To determine whether the inhibition of fibrin formation influences the outcome of CLP, we treated mice after the operation with the widely used anticoagulant heparin. First, we determined the amount of heparin that does not cause lethal bleeding if administered after laparotomy without CLP. One thousand units of heparin injected i.p. caused lethal bleeding from the abdominal incision in laparotomized mice, whereas nonlaparotomized mice were not affected by this quantity of heparin. Injection of 10 to 150 U of heparin i.p. per 30-g mouse prolonged the ex vivo clotting time significantly (data not shown) but was lethal for neither laparotomized nor nonlaparotomized mice. Ten units had no significant influence on mortality after sublethal CLP. However, 75% of the mice died when treated with 150 U of heparin after sublethal CLP (Fig. 1). These experiments showed that mice treated with a dose of heparin which is anticoagulant in vivo do not bleed to death from the abdominal incision after CLP. The mice did also not bleed excessively into the peritoneal cavity or chest or from organs or tissues located in these compartments. This was checked 16 h after CLP and heparin injection, when the mice were sacrificed for quantification of bacteria. At this time, the ceca of these mice were also examined for adhesions. Adhesions had formed at the ceca of control mice but were absent in the heparin-treated mice. Significantly more bacteria were found in the lavage fluids of heparin-treated mice compared to PBS-treated control mice. The increase in bacterial numbers was statistically not significant for homogenates of liver and kidney, although the highest numbers were detected in livers and kidneys of the heparin-treated groups (Fig. 2). The seven heparin-treated mice that were examined microbiologically were the survivors among 15 mice subjected to CLP. Eight mice died earlier than 16 h after CLP and were not examined. Of 15 control mice, which all survived for 16 h, 7 were chosen randomly for determination of bacteria. It is likely that of the heparin-treated mice, the nonsurvivors died due to higher numbers of bacteria in their vital organs than in those of the survivors.
FIG. 1.
Heparin treatment after CLP increases mortality. After sublethal CLP, groups of mice (n = 8) were injected i.p. with PBS, heparin, or heparin plus antibiotics. (P < 0.015 for heparin versus PBS; P < 0.01 for heparin versus heparin plus antibiotics [log rank statistic].)
FIG. 2.
Heparin treatment after CLP increases bacterial spread. After CLP, groups of mice (n = 15) were injected i.p. with PBS or heparin; 16 h later, numbers of bacteria were determined in peritoneal lavage fluids, livers, and kidneys of the surviving heparin-treated mice (n = 7) and randomly chosen PBS-treated mice (n = 7). (Bacterial numbers after heparin versus after PBS: for lavage fluid, P < 0.018; for liver, P < 0.34; for kidney, P < 0.25 [two-tailed Mann-Whitney U test].)

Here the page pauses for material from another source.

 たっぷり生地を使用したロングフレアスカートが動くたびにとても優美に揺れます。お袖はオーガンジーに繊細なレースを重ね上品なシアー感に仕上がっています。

To exclude any essential nonanticoagulant contribution to the death of heparin-treated mice after CLP, the animals were treated with heparin plus the antibiotics ciprofloxacin and metronidazole. This antimicrobial therapy protected both mice which had undergone only CLP (data not shown) and heparin-treated mice efficiently (Fig. 1), indicating that death after CLP and heparin treatment was caused by unrestricted release of bacteria, due to the prevention of fibrinous peritoneal adhesions.
Coagulation-independent protective TNF effects exist in CLP.

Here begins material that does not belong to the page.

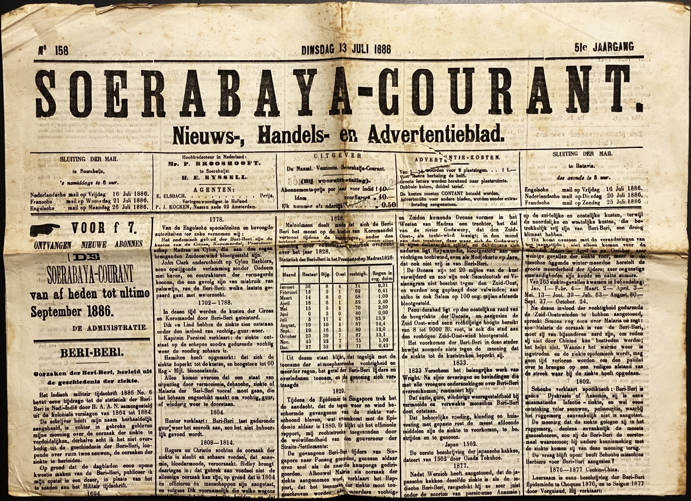 * Deze krant bestond van 1836-1905. In 1885 trad Eyssell aan als redacteur; hij had anders dan zijn voorgangers een scherpe, interessante pen. In deze grootformaat-krant een paginagroot artikel over de geschiedenis van de ziekte beriberi naast allerlei nieuws, plaatselijk en algemeen. Niet te verwarren met het Soerabajaasch Handelsblad. Deze courant niet op Delpher.

To find out whether other, coagulation-independent, protective TNF-induced mechanisms are active during septic peritonitis, a less severe CLP which was sublethal despite the administration of heparin was performed (Fig. 3). In this system, mortality of the heparin-treated mice could be further increased by neutralizing the endogenous TNF. This finding supports the idea of coagulation-independent protective TNF functions.
FIG. 3.
Nonlethal heparin treatment after sublethal CLP becomes lethal if followed by TNF neutralization. After sublethal CLP, groups of mice (n = 8) were injected i.p. with heparin plus normal rat IgG (control) or with heparin plus monoclonal anti-mouse TNF antibody. (P < 0.02 for control versus anti-TNF [log rank statistic].)
Hirudin treatment increases CLP mortality.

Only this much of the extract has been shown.